The centerpiece of this chapter was the uniform electron gas, a system characterized by a single density parameter that can exist as a uniform gas, Fermi liquid, or Wigner crystal, depending on density. We saw the uniform electron gas as both a model for electron delocalization, and a starting point for developing new exchange and correlation functions. In developing previous electron force fields, we had focused on reproducing the best known ``exact'' energy with our Pauli function. In this chapter, we sought to reproduce two energies: the Hartree-Fock energy, based on a combination of eFF kinetic energy, electrostatic potential energy, and exchange energy; and the exact energy, based on the above combination with correlation energy added.
We were successful in describing the uniform electron gas using localized electrons.
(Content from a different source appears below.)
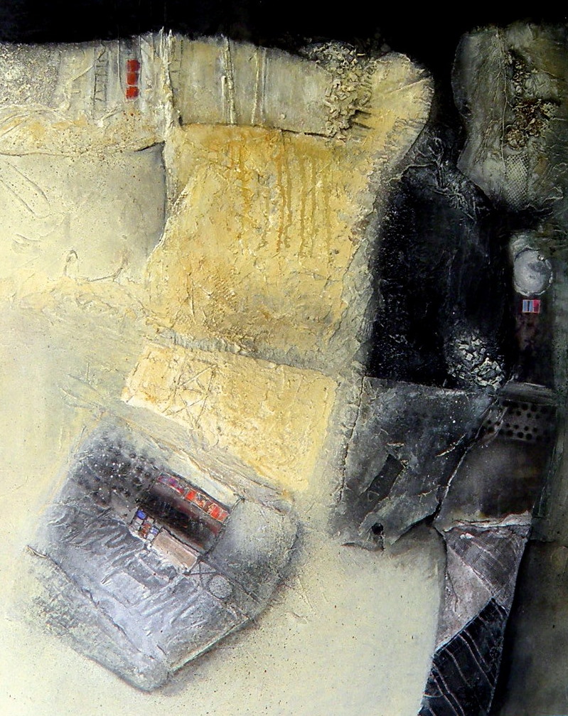 Landschappelijke vormen . Gemengde techniek,zand,papier,tegelcement ,acryl.

With the appropriate exchange and correlation functions, we found that we could reproduce Hartree-Fock and exact energies of the uniform electron gas as a function of density. As a further surprise, we discovered that the energies of many different lattices were similar, hinting that the uniform electron gas at Fermi liquid densities had a fluxional structure. As a caveat, we noted that our potentials in their current form could only reproduce a classical and not a quantum distribution of momenta.
After extending and modifying the exchange and correlation functions, we were able to describe systems with nuclei and s-like electrons, with good agreement between eFF (with exchange) and Hartree-Fock, and eFF (with exchange and correlation) and exact energies. For example, by fitting parameters to reproduce repulsion, the bond length of lithium hydride, and the long range decay of dynamic correlation energy, we obtained exchange/correlation functions that could reproduce the barrier to the reaction (20.3 kcal/mol eFF with exchange versus 24.3 kcal/mol unrestricted Hartree-Fock; 9.1 kcal/mol eFF with exchange and correlation versus 9.7 kcal/mol exact).
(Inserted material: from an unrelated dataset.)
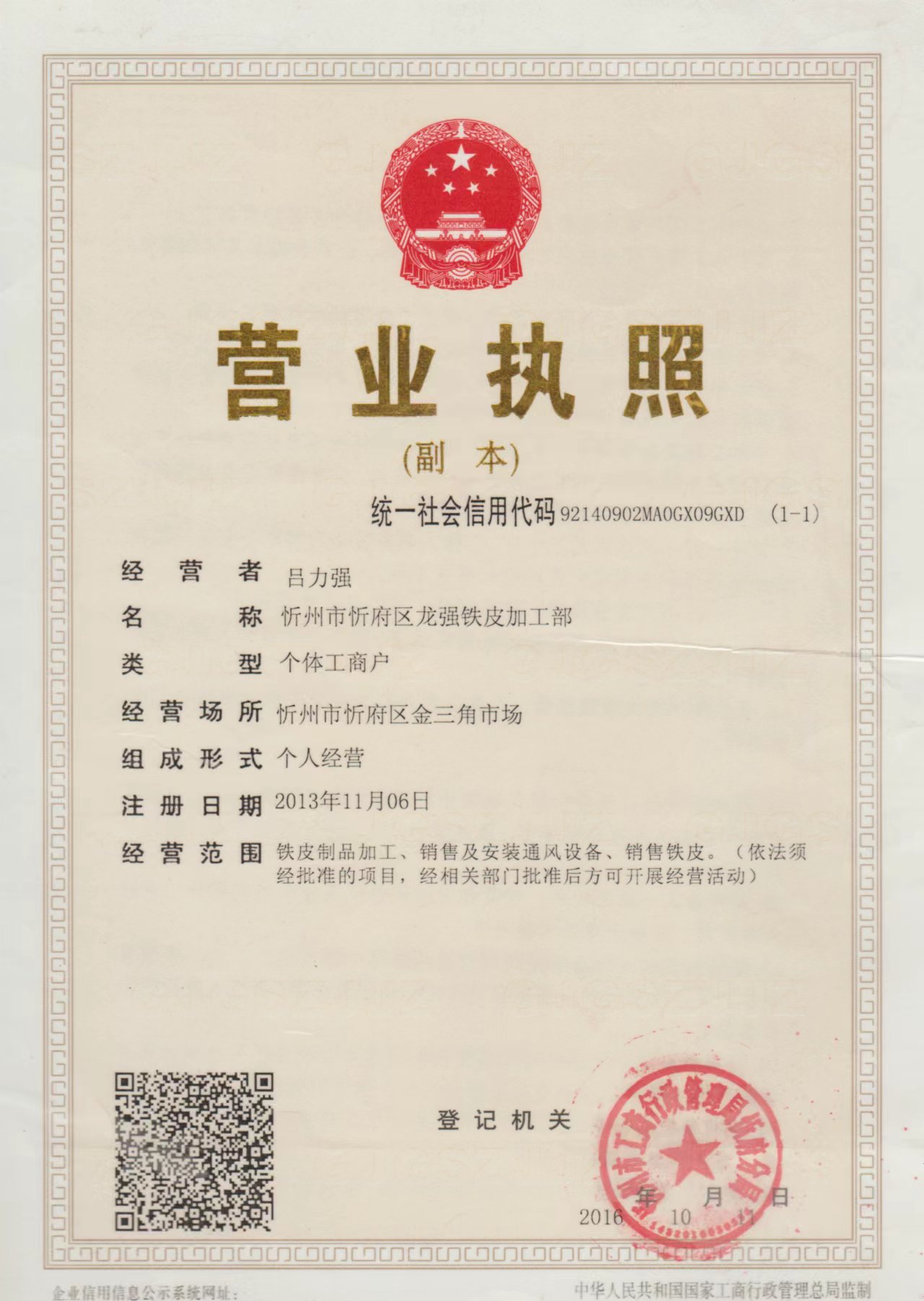 忻州市忻府区龙强铁皮加工部是由吕力强(从业20余年)创办,加工厂拥有先进的白铁皮共板法兰加工机器,有10多年的行业经验和稳定的施工团队。龙强铁皮通风管道设备加工厂是专业设计安装白铁皮通风管道,共板法兰风管,宾馆,酒店,地下室,中央空调风管通风排烟以及油烟进化业务。近年来,通过不断的发展,规模不断扩大,并与忻州好多知名企业建立了合作关系。

We still have separate versions of exchange/correlation functions, one for the uniform electron gas, and another for systems with nuclei. Future versions of eFF should handle both extremes using a single set of functions, interpolating smoothly between uniform and non-uniform electrostatic potentials, just as the eFF in the previous chapter interpolated between s-like and p-like electron shapes. We hope the ideas provided in this chapter serve as a useful first step in that direction.